• INSTRUCTIONS FOR THE TASK: Your reply should reproduce all the data below exactly while excluding the pictures.
:: SUPPLIED DATA
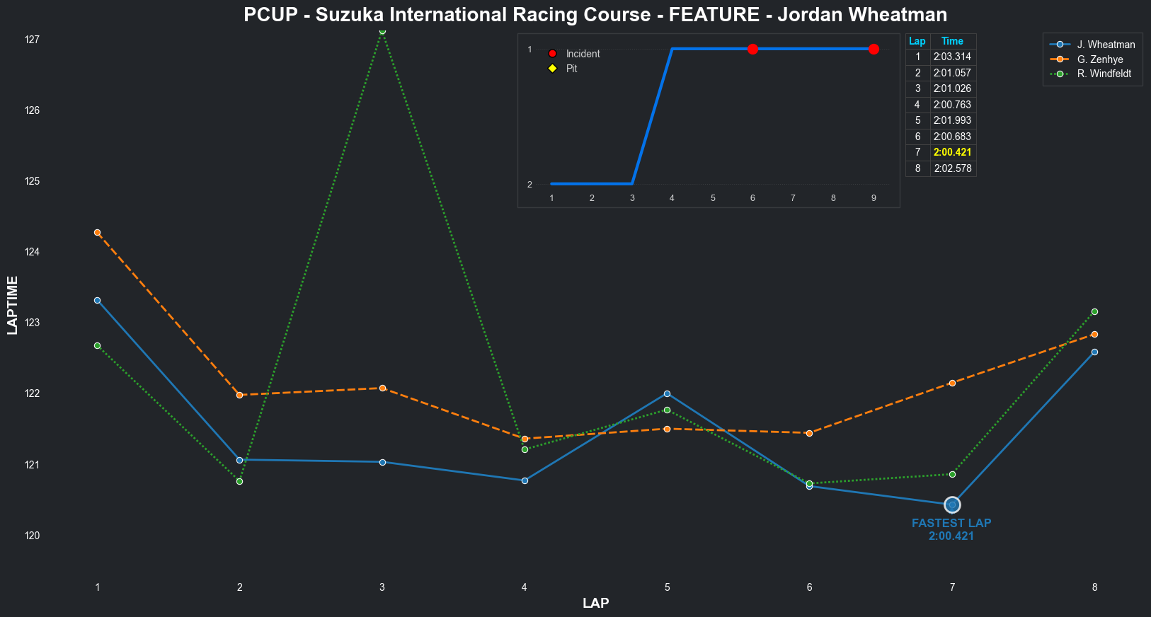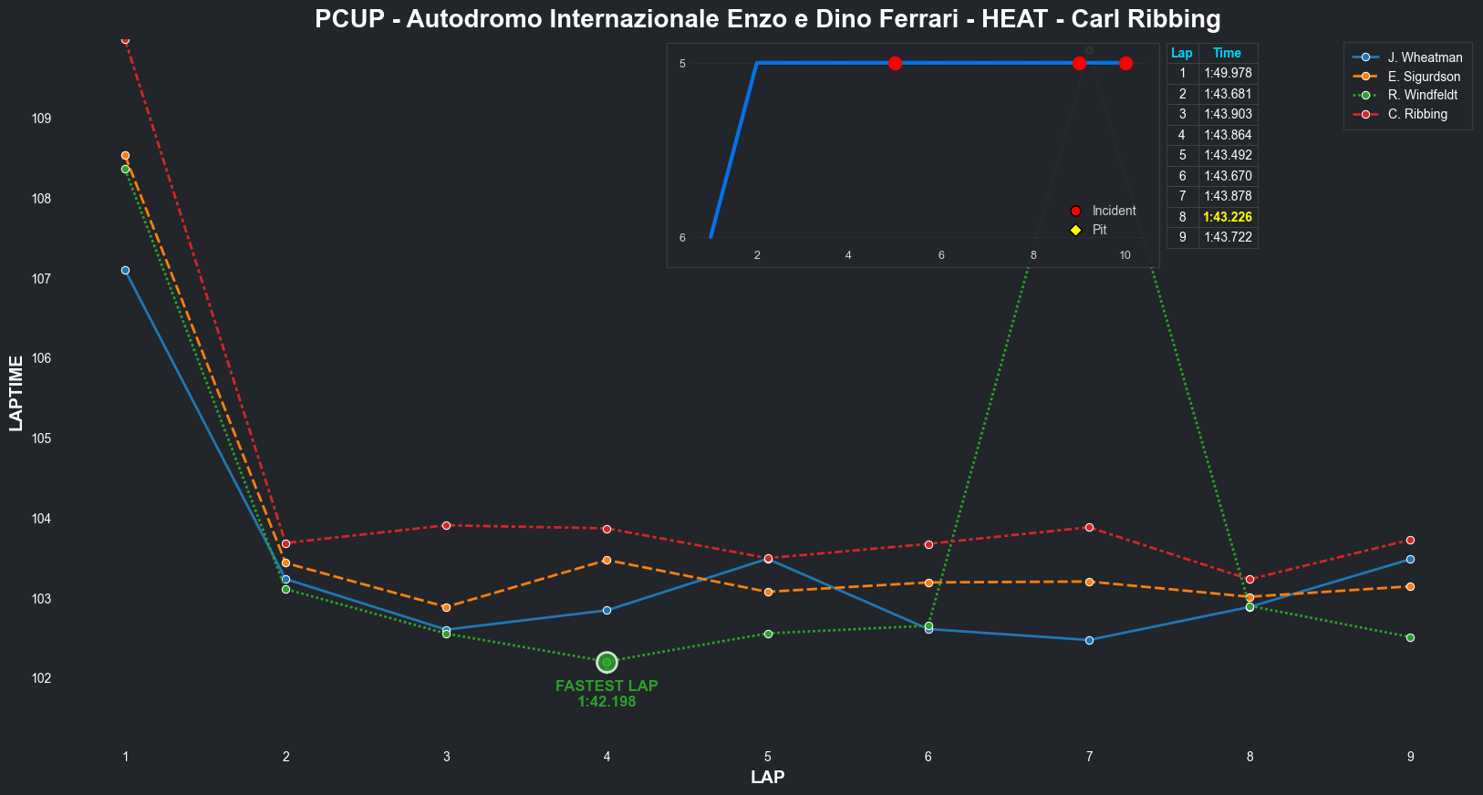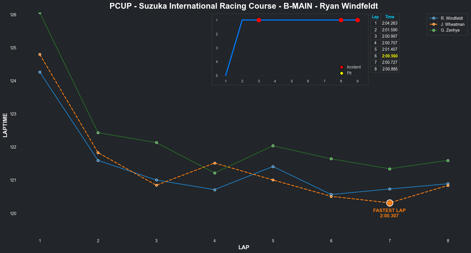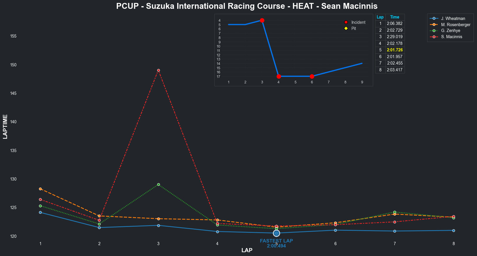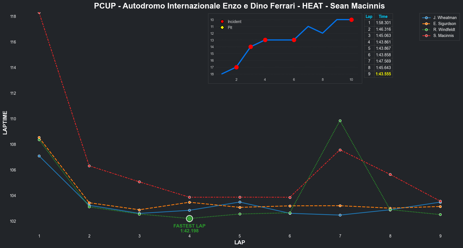 | Jordan Wheatman | 1 | 5 | 2:03.3144 | 2:01.0569 | 2:01.0261 | 2:00.7627 | 2:01.9933 | 2:00.6829 | 2:00.4210 | 2:02.5775 | 0 | 8 |
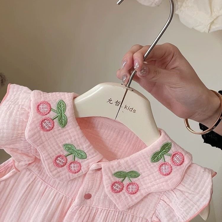 A soft and airy blush-pink baby romper made from lightweight crinkled cotton for all-day comfort. It features a sweet ruffled collar embroidered with tiny cherry motifs, flutter sleeves, and delicate front buttons for easy dressing. Snap closures at the bottom make changes simple, while the gentle pastel tone and charming embroidery give it a fresh, innocent, and cozy look—perfect for warm days or adorable photos.
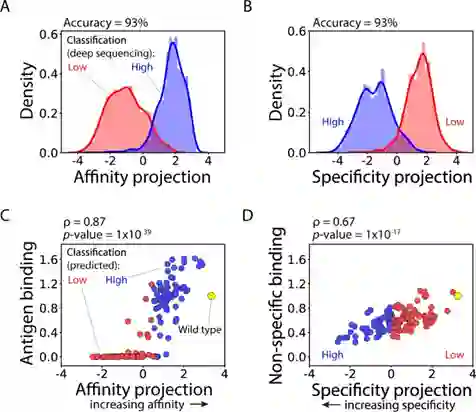 图3 (AB) (LDA) 模型使用基于序列的特征(one-hot 编码序列作为二元向量)进行训练,显示出对通过深度测序在富集文库中鉴定的 4000 种抗体的抗体亲和力和特异性进行分类的高精度。(CD) LDA 模型的连续预测,与随机选择的 125 种单链抗体 (Fabs)的相对亲和力( C )和非特异性结合( D )的实验测量密切相关。
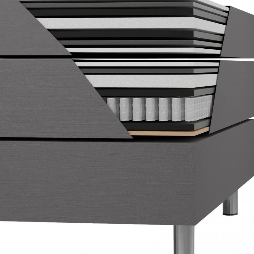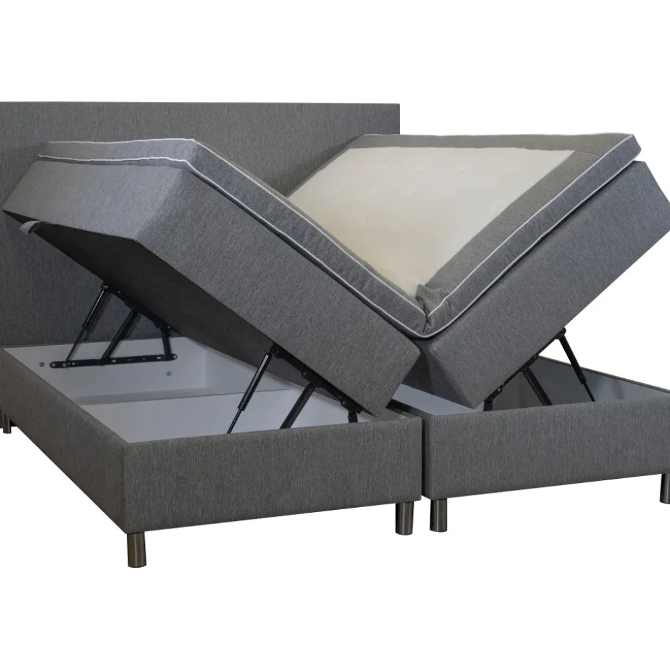 Inkluderat i Accent säng med förvaring: 2 st sängar med sängstomme, resårmadrasser, bäddmadrasser och 8 stycken aluminiumben. Matchande sänggavel finns som tillval.
::::
• PROBLEM SOLUTION:
 | Jordan Wheatman | 1 | 5 | 2:03.3144 | 2:01.0569 | 2:01.0261 | 2:00.7627 | 2:01.9933 | 2:00.6829 | 2:00.4210 | 2:02.5775 | 0 | 8 |
 A soft and airy blush-pink baby romper made from lightweight crinkled cotton for all-day comfort. It features a sweet ruffled collar embroidered with tiny cherry motifs, flutter sleeves, and delicate front buttons for easy dressing. Snap closures at the bottom make changes simple, while the gentle pastel tone and charming embroidery give it a fresh, innocent, and cozy look—perfect for warm days or adorable photos.
 图3 (AB) (LDA) 模型使用基于序列的特征(one-hot 编码序列作为二元向量)进行训练,显示出对通过深度测序在富集文库中鉴定的 4000 种抗体的抗体亲和力和特异性进行分类的高精度。(CD) LDA 模型的连续预测,与随机选择的 125 种单链抗体 (Fabs)的相对亲和力( C )和非特异性结合( D )的实验测量密切相关。
 Inkluderat i Accent säng med förvaring: 2 st sängar med sängstomme, resårmadrasser, bäddmadrasser och 8 stycken aluminiumben. Matchande sänggavel finns som tillval.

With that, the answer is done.